2. Leadership Culture and Different Generations

Generational differences have always held the potential for lively discussions. The topic of employee wellbeing is no exception and is currently causing this type of debate to flare up particularly strongly.

The question that keeps coming up: Does Generation Z have excessive expectations of their job? So is the benefits problem a generational problem?

The exciting insight from the exchange between the participants:

💡The participants did not see the challenges behind the topic of employee wellbeing primarily as a generational problem. They placed greater emphasis on the labor market situation and changing expectations of the profession across generations.

The participants definitely perceive new expectations of the profession, which are also – but not only – brought in by Generation Z. These are both a challenge and an opportunity:

💡(1) Managers must increasingly act as individual coaches. (2) Dealing with diversity and different employees can also provide a decisive competitive advantage. Last but not least,(3) the meaningfulness of the business model can play a decisive role in recruiting.

In view of rising burnout figures, the question also remains open from a societal and generational perspective as to what role managers should ascribe to the topic of benefits.

💡While benefits can play an important role in attracting new employees, managers should not lose sight of the holistic view of their company. Work must be healthy and the working conditions in a company must reflect this.

3. Employee Wellbeing & Employer Branding

Employee wellbeing – and especially the topic of benefits – plays an important role in the external image of companies. In the battle for employees, companies want to present themselves as attractive employers, but at the same time they cannot keep up indefinitely with an arms race in benefits.

The first question our participants asked was: Is there already a minimum standard of benefits that is expected of employees?

💡Based on the experiences of the participants, a certain quantity and quality of benefits on the part of the employees is assumed – at least as a tendency.

Following this insight, the question arose: Is it possible to specify exactly which benefits are (or should be) considered standard?

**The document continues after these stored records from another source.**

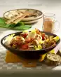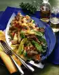 Cook the rice in plenty of boiling salted water for about 15 minutes, drain on a sieve. Season chicken filet with salt and pepper. Heat 2 tablespoons of oil in a pan. Fry the meat for about 12 minutes. Turn from time to time, take out and let cool down.
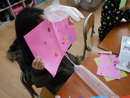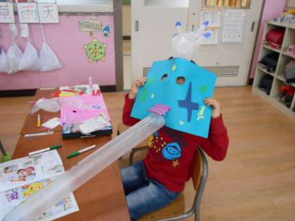 完成したおめんにかさ袋とビニール手袋をつけて、ふくらませると、、、、おもしろーいおめんになりました!子どもたちも大満足の作品に仕上がりました♪
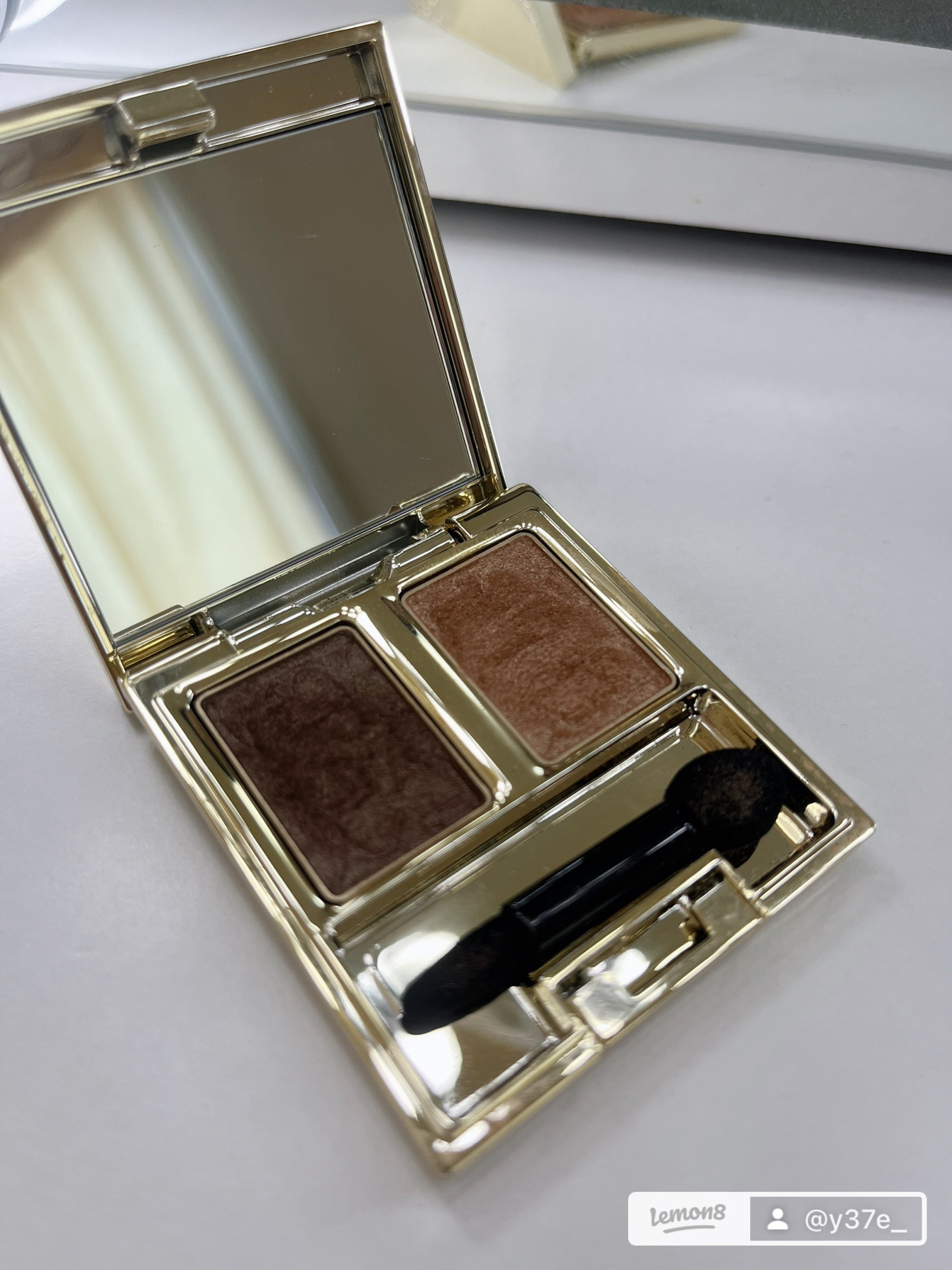 肌にとけこむ華やかな色と輝き。 瞬くたびにしっとりつやめく2色のアイカラー。 全てのパウダーにオイルを浸み込ませにごりのない鮮やかな発色と濡れたようなツヤを叶え 目もとを華やかに彩ります。 肌なじみの良い色のパールと色が調和することで、自然で美しいグラデーションが簡単にでき 上品な輝きのある印象的な目もとを演出します。 めちゃめちゃ発色がよく 濡れたようなツヤ感で 大人の女性にもつかえるアイシャドウ☺️ 2色なので物足りないかな?と思っていましたが 全くそんなことはなく むしろ私は1色でも十分なくらい 1つ1つがきれいないろです🥹 香りも良く、他の色も欲しくなっちゃいます🥰

💡The perception of benefits can vary greatly. What some employees consider a benefit, others take for granted.

In addition to analyzing the initial situation, the workshop participants also wanted to think about concrete solutions. Therefore, with regard to the efficiency of benefits, they asked themselves how to achieve a higher commitment of employees to benefits. The following thesis was put forward:

💡A financial participation of employees in benefits (e.g. in the form of 25% of the costs) could increase the probability that the benefits are actually used.

4. Conclusion

Some overarching insights can be drawn from the great exchange between the participants:

  • There is no simple answer to the question of the right level of Employee Wellbeing.
  • Employee wellbeing measures can create a competitive advantage, but your own organization must find the right composition for this in terms of trend topics, industry, corporate culture, target group and administrative feasibility.
  • A benefits portfolio should not be static: it must be regularly revised and communicated. This is the only way to prevent it from becoming a matter of course.
  • Wellbeing benefits and traditional performance management tools should not be mixed. Performance must be worthwhile – regardless of the question of employee wellbeing.

HR factory would like to thank all participants again for the great exchange. We are very much looking forward to the next Meet-Up with you!